I agree with the general thesis that the message was muddled, although I disagree that there was no message at all ["Hard to Port!" News, Dec 15, recapping Occupy Portland's action at the Port of Portland]. The tactic is an old one, an attempt to show Those-Who-Own-for-a-Living that they are entirely reliant on Those-Who-Work-for-a-Living, not vice versa as politicians often like to declare in order to justify their constant kowtowing to the so-called "job creators." That said, not a lot of the general public bought or understood that analysis, and with mixed messages coming from the unions, it's not hard to see why the port shutdown was an imperfect action. If no one understands why you're blockading and striking, no one will side with you.
-posted by working class zero
DEAR MERCURY—In response to Sexual Politics ["Transgender Tweens," News, Dec 15, a Q&A with the director of the TransActive transgender youth nonprofit, regarding the optimal age at which to begin working with transgender youth]. When I was a girl, I liked to pretend to be a boy. If my folks lived somewhere like Portland, I may have been treated like there was some serious existential angst behind it, and been given puberty-blocking hormones. I'm glad that didn't happen. I understand transgender issues are important, but we're talking about kids here! Please folks, don't damage children by appeasing their young-minded desires—leave sex-changing medical decisions for adulthood when they have the ability to think critically about what they're doing. If my desires had been taken seriously at 12, I would have a Spice Girls tattoo! Eww!

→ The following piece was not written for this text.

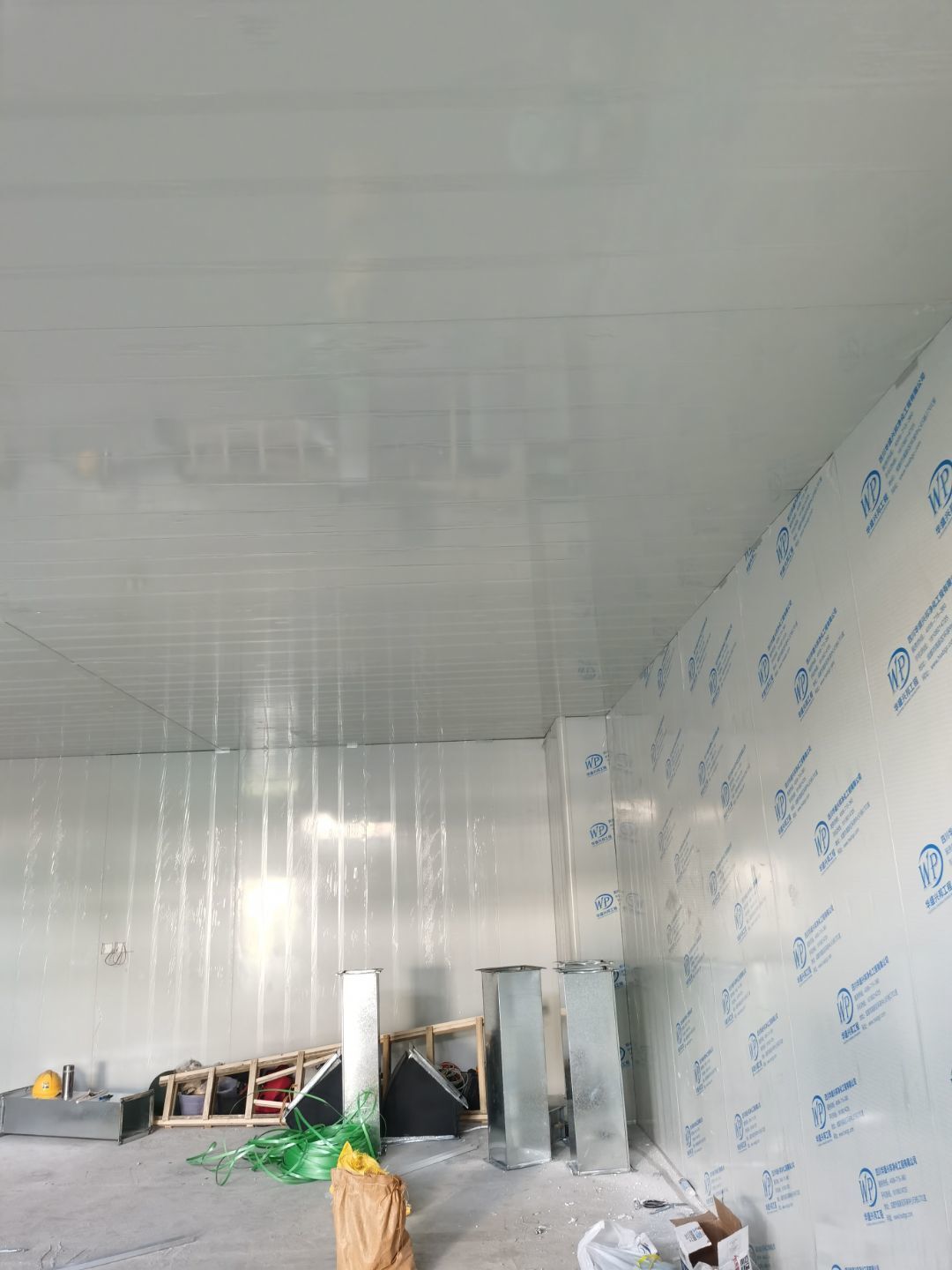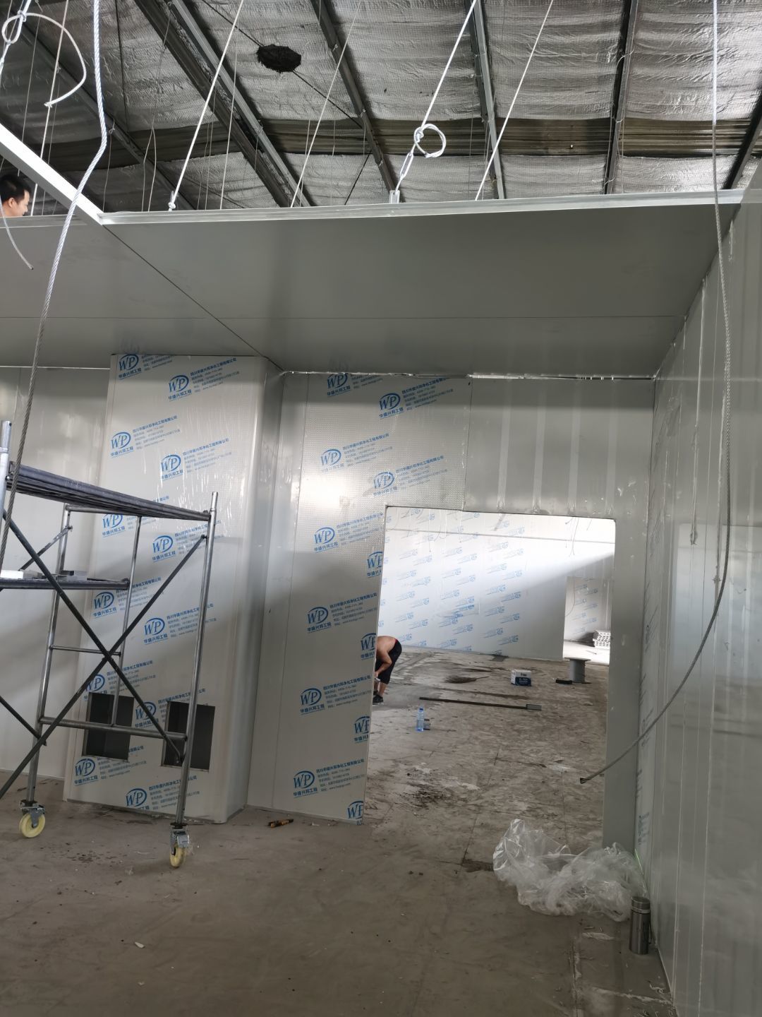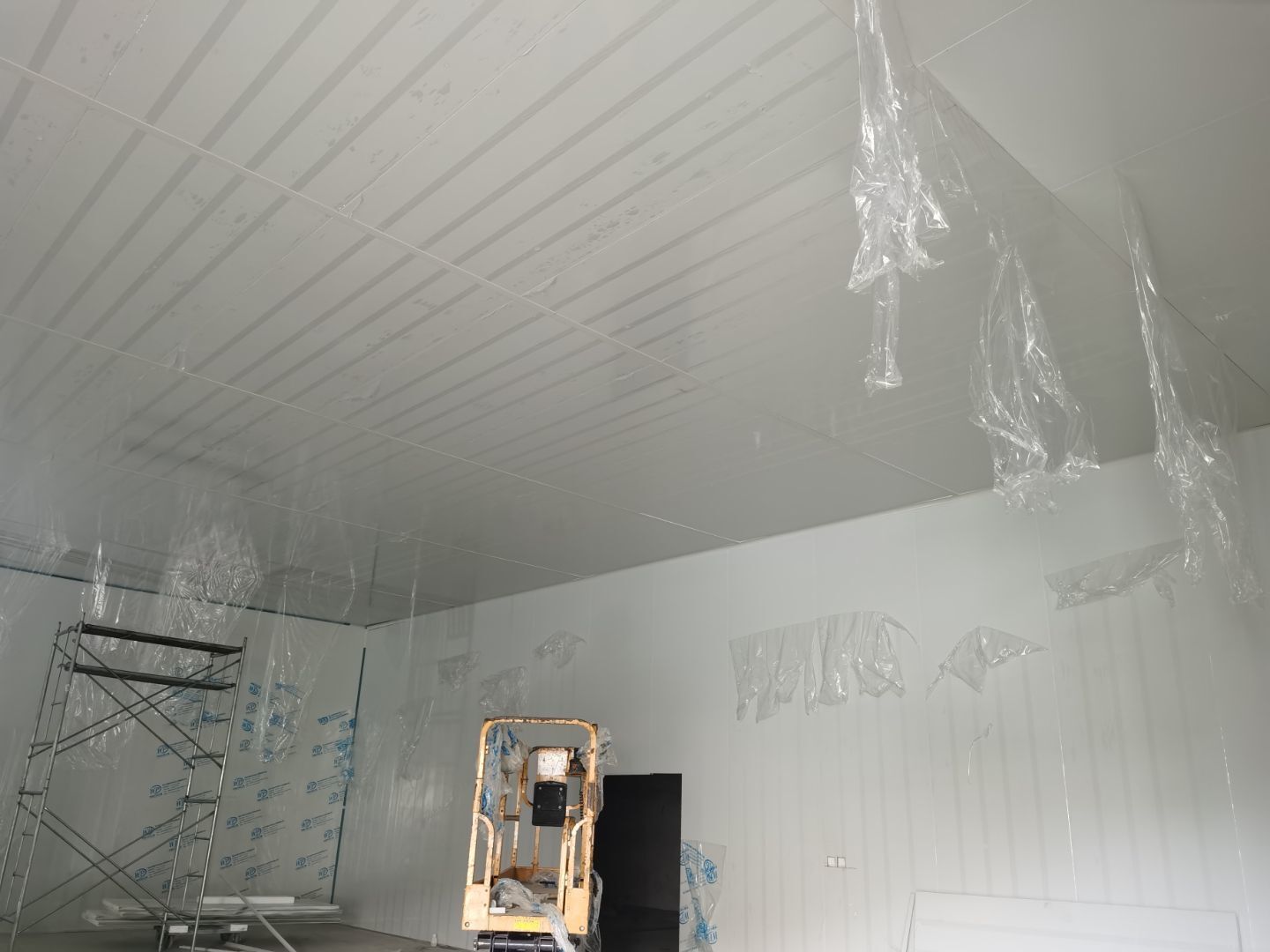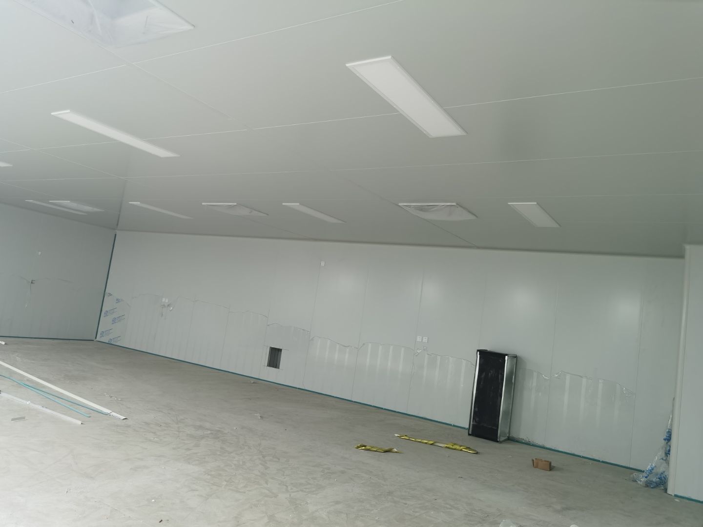 1,彩鋼墻板立板除預留設備外完成100% 2,彩鋼板吊頂除預留外,完成95% 3,三防板吊頂完成100% 4,水電安裝完成60% 5,彩鋼板收尾工作完成30%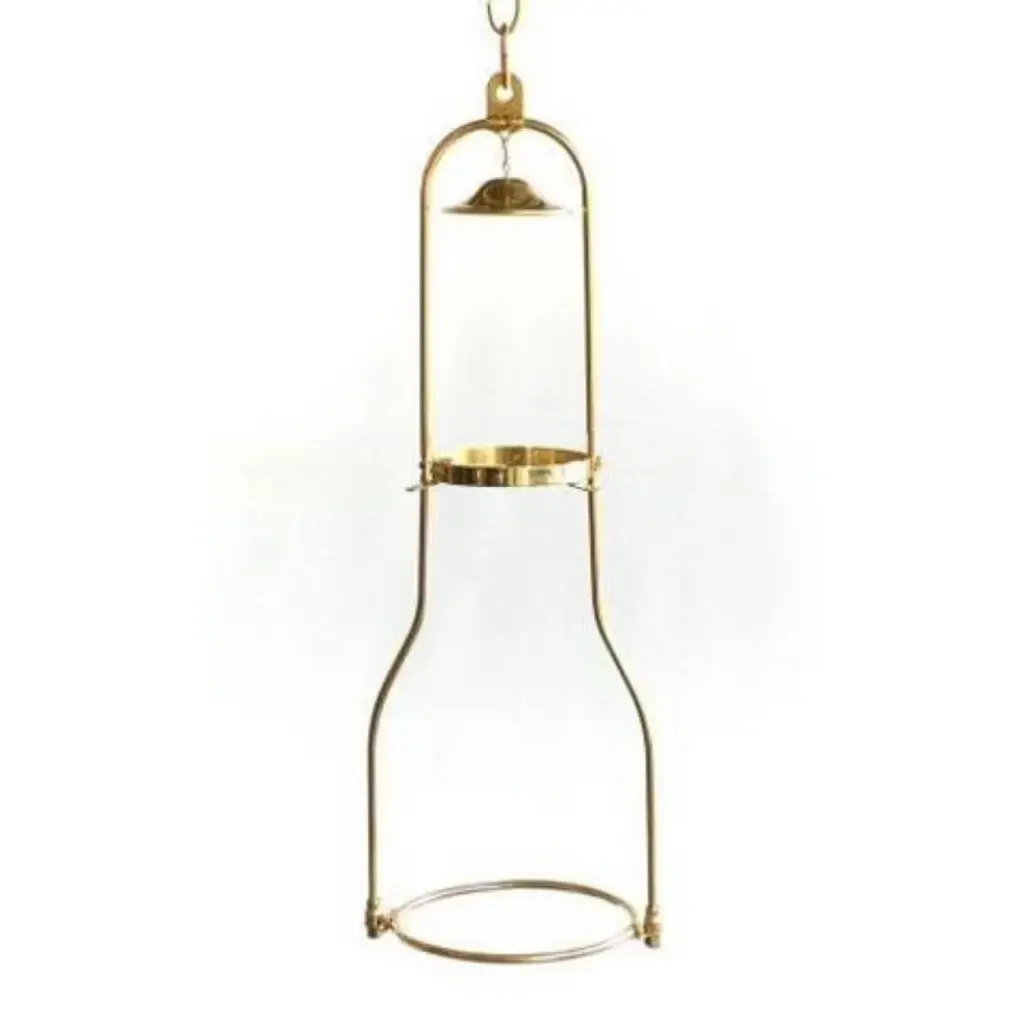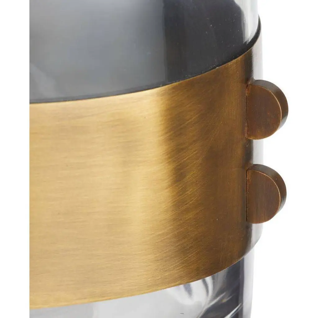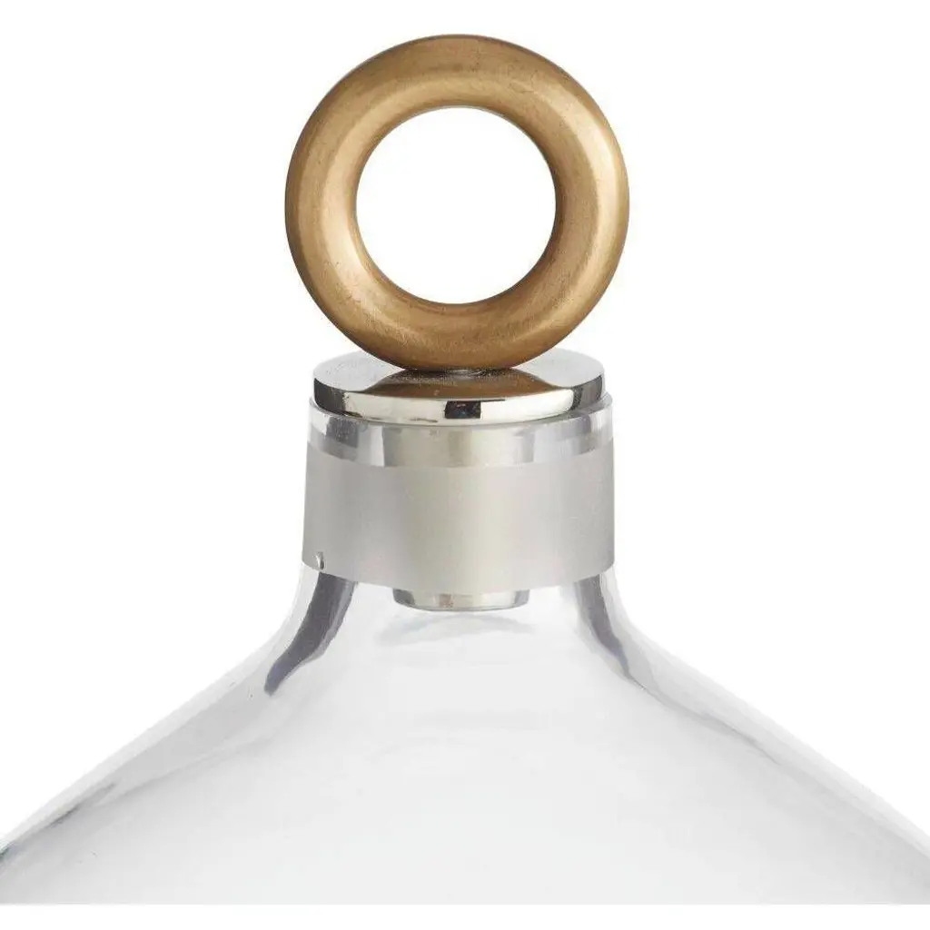 Over-scaled decanters of clear leaded glass are encircled with bold studded cuffs of antique brass. Topped with circular stoppers, this growler-shaped duo will lend an industrial edge to any bar.

When I first moved to Portland I was shocked at the number of strip clubs infesting what was an otherwise beautiful city ["Strip Maul," Feature, Dec 15, an outsider's account of her tour of popular Portland strip clubs]. As a woman with a high degree of self-respect, the misogynistic frat-boy mentality of the men in this town was appalling. Any time I'm in the vicinity of a strip club, men seem to think it's a license to ogle and make crude suggestions. This article trivializes a sad, exploitive industry catering to socially immature males who can't form normal relationships with women.
-posted by feminitsche
Strippers are professionals, doing work that pays better than most other jobs they could find in Portland ["Strip Maul," Feature, Dec 15]. If they do it well, more power to them. As a group, they are "exploited" only in the sense that anyone who does something for work that he wouldn't do for free is exploited. That covers most of us, I think. The critical comments here mostly seem to reflect a visceral discomfort with sex, wrapped in superficially plausible self-justifications. If you don't like strip clubs, don't attend—but it's absurd to critique them on the grounds that the girls only strip because they're paid to. That's how every other business in town works, too.
-posted by Quadrant
DEAR MERCURY—Wrapping children's Christmas presents with the pages of the Mercury is like masturbating in the woods: At first it feels good, but then you come to the primal understanding that you're exposing something good and pure to a sweaty, adolescent wonderland. My nephew must have a pile of faded Devils Point ads hidden under his mattress that gets sorted and rearranged on a nightly basis when the house falls quiet. Thank you Mercury for helping me over-sex the youth of America.
YOU ARE QUITE WELCOME Rob, although if your brother or sister ever asks, it is not our fault and it was all your idea. In the meanwhile, you get two tickets to the Laurelhurst Theater, where the range of cinematic options includes good, pure, sweaty, and adolescent varieties.